Stored dataset items:

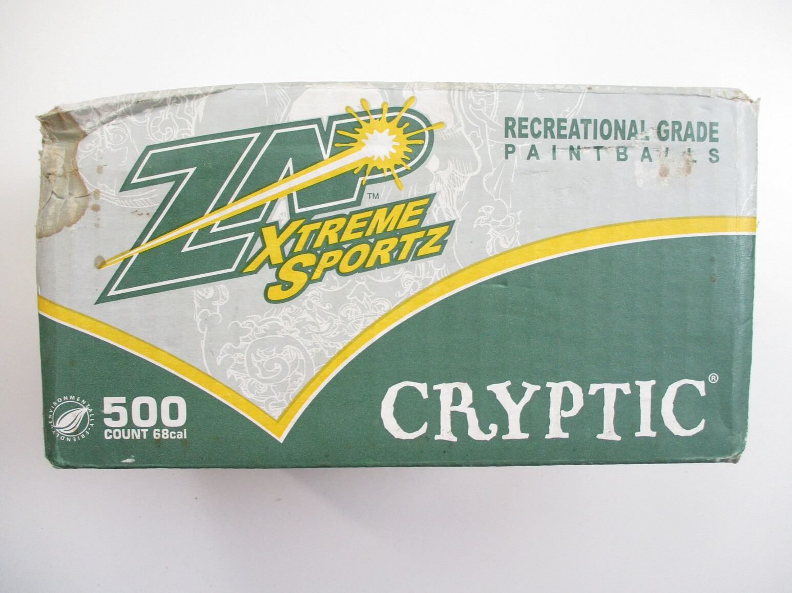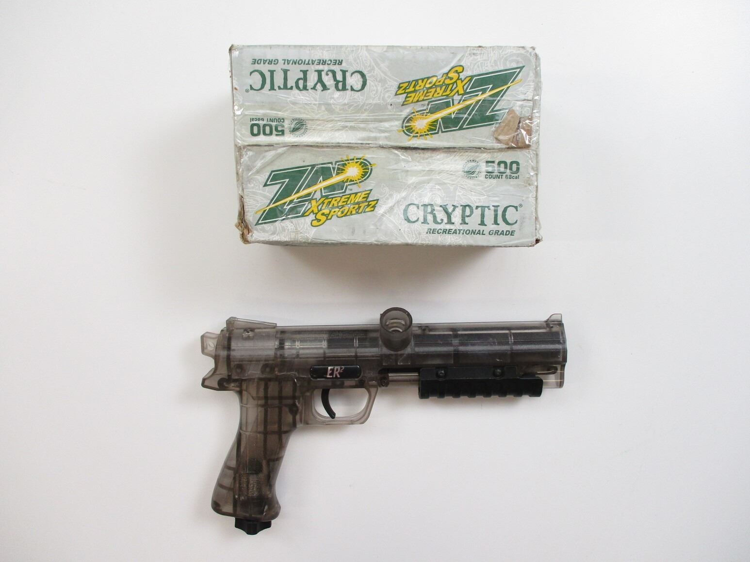 ER2 PISTOL Co2 PAINT BALL GUN WITH PAINT BALLS , 68 CAL, Co2 POWERED, PUMP ACTION, SINGLE SHOT, NO COCKING ISSUES, NOT TESTED, NEEDS Co2, INCLUDES BOX OF ZP CRYPTIC PAINT BALLS, POSSIBLY USED.
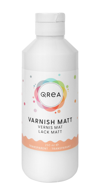 Vernis Qrea mat – 250mlLe vernis mat de Qrea est un vernis à base d'eau sûr et transparent, idéal pour protéger vos œuvres créatives contre les influences extérieures. Ce vernis forme une couche durable sur vos peintures ou objets et les protège contre l'humidité, les rayons UV, les moisissures, les chocs et les rayures. Une fois sec, le vernis reste transparent et offre une finition mate subtile sans brillance. En plus de protéger, il donne également un aspect supplémentaire et rend votre œuvre imperméable. Un choix fiable pour tout artiste ou amateur.* Caractéristiques : * Propriétés : sèche en devenant transparent, protège contre l'humidité, les UV, les moisissures, les chocs et les rayures.* Finition : mate.* Protection : rend l'œuvre résistante à l'eau.* Convient pour : les surfaces créatives et décoratives.* Origine : produit aux Pays-Bas.* Informations complémentaires sur les dangers : EUH208 : Contient du CIT/MIT (5-chloro-2-méthyl-2H-isothiazol-3-one et 2-méthyl-2H-isothiazol-3-one) (55965-84-9), du BIT (1,2-benzisothiazolin-3-one) (2634-33-5). Peut provoquer une réaction allergique. Contient du DMDMH. Peut provoquer une réaction allergique.
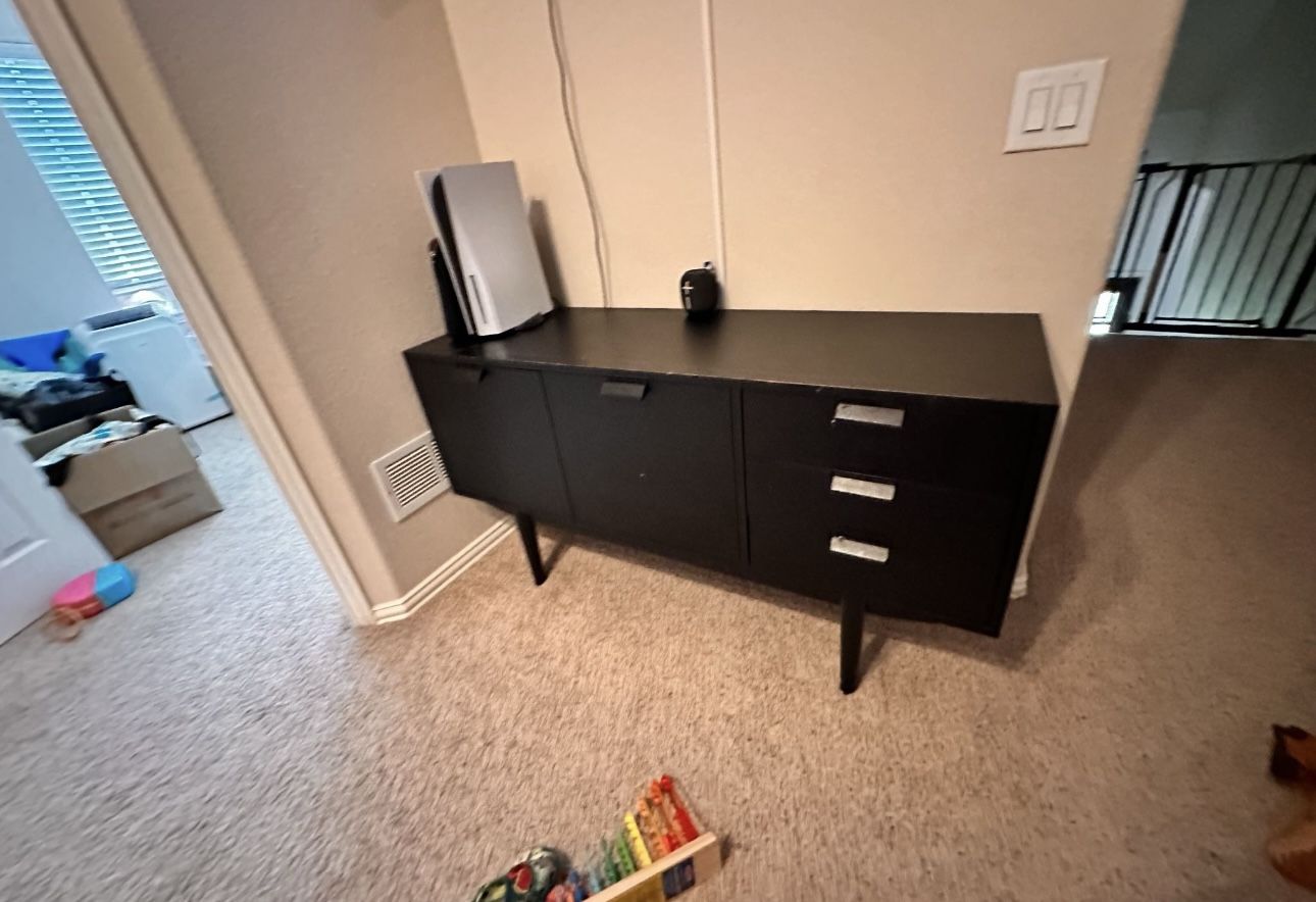 Large wood media stand with lots of storage space. Has a couple scratches but overall in great condition.
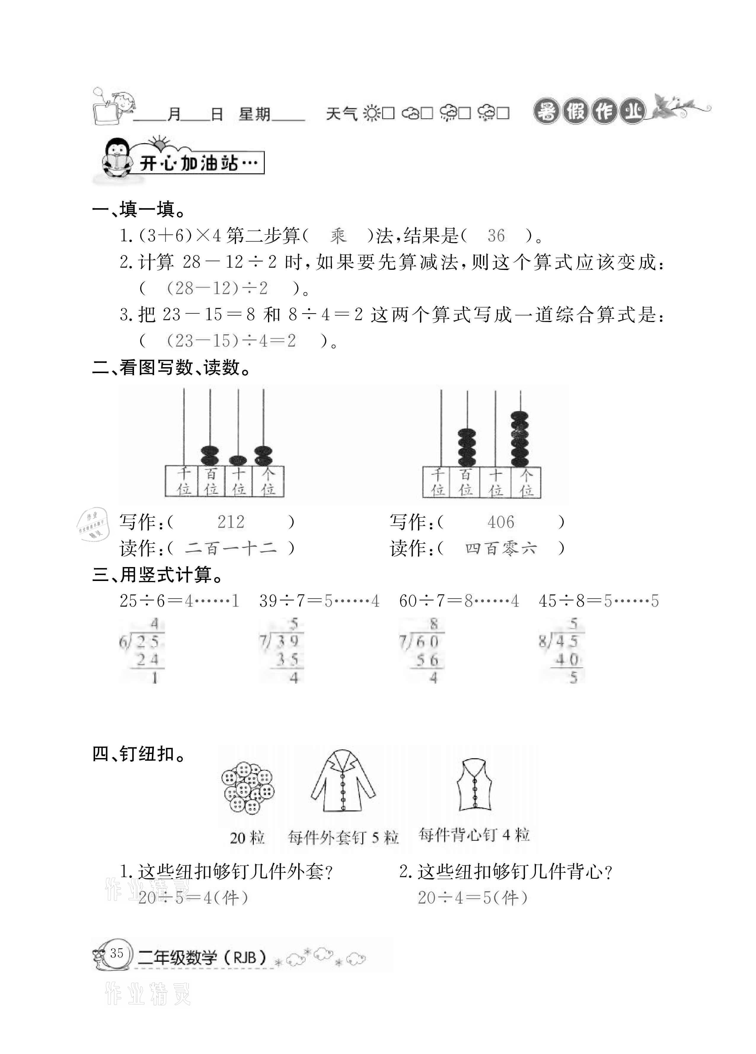 注:目前有些书本章节名称可能整理的还不是很完善,但都是按照顺序排列的,请同学们按照顺序仔细查找。练习册 2021年快乐假期暑假作业二年级数学人教版延边教育出版社 答案主要是用来给同学们做完题方便对答案用的,请勿直接抄袭。
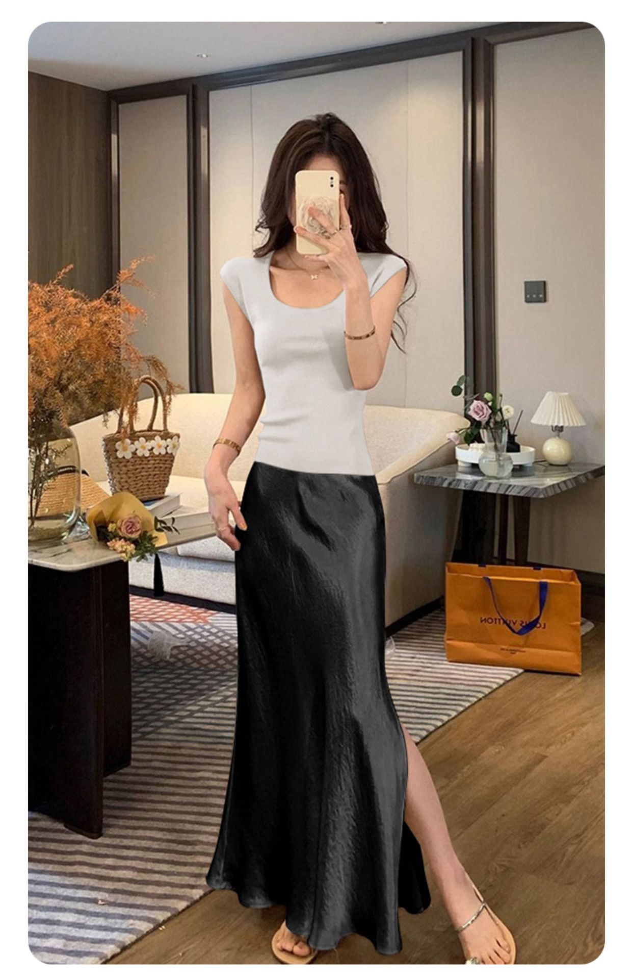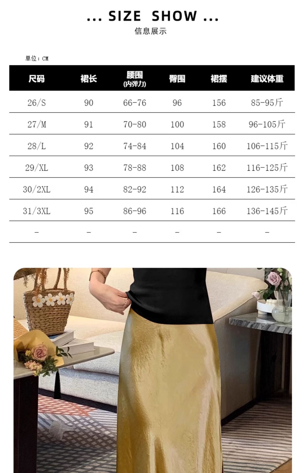 새틴 아세테이트 스커트 드레이프 피쉬테일 스커트 2025 신상 여름 힙 스커트 롱 스커트 얇은스토어 가기

WHAT IS BEING ASKED — With the pictures dropped, write out all of the entries word for word.

RESPONSE —
 ER2 PISTOL Co2 PAINT BALL GUN WITH PAINT BALLS , 68 CAL, Co2 POWERED, PUMP ACTION, SINGLE SHOT, NO COCKING ISSUES, NOT TESTED, NEEDS Co2, INCLUDES BOX OF ZP CRYPTIC PAINT BALLS, POSSIBLY USED.
 Vernis Qrea mat – 250mlLe vernis mat de Qrea est un vernis à base d'eau sûr et transparent, idéal pour protéger vos œuvres créatives contre les influences extérieures. Ce vernis forme une couche durable sur vos peintures ou objets et les protège contre l'humidité, les rayons UV, les moisissures, les chocs et les rayures. Une fois sec, le vernis reste transparent et offre une finition mate subtile sans brillance. En plus de protéger, il donne également un aspect supplémentaire et rend votre œuvre imperméable. Un choix fiable pour tout artiste ou amateur.* Caractéristiques : * Propriétés : sèche en devenant transparent, protège contre l'humidité, les UV, les moisissures, les chocs et les rayures.* Finition : mate.* Protection : rend l'œuvre résistante à l'eau.* Convient pour : les surfaces créatives et décoratives.* Origine : produit aux Pays-Bas.* Informations complémentaires sur les dangers : EUH208 : Contient du CIT/MIT (5-chloro-2-méthyl-2H-isothiazol-3-one et 2-méthyl-2H-isothiazol-3-one) (55965-84-9), du BIT (1,2-benzisothiazolin-3-one) (2634-33-5). Peut provoquer une réaction allergique. Contient du DMDMH. Peut provoquer une réaction allergique.
 Large wood media stand with lots of storage space. Has a couple scratches but overall in great condition.
 注:目前有些书本章节名称可能整理的还不是很完善,但都是按照顺序排列的,请同学们按照顺序仔细查找。练习册 2021年快乐假期暑假作业二年级数学人教版延边教育出版社 答案主要是用来给同学们做完题方便对答案用的,请勿直接抄袭。
 새틴 아세테이트 스커트 드레이프 피쉬테일 스커트 2025 신상 여름 힙 스커트 롱 스커트 얇은스토어 가기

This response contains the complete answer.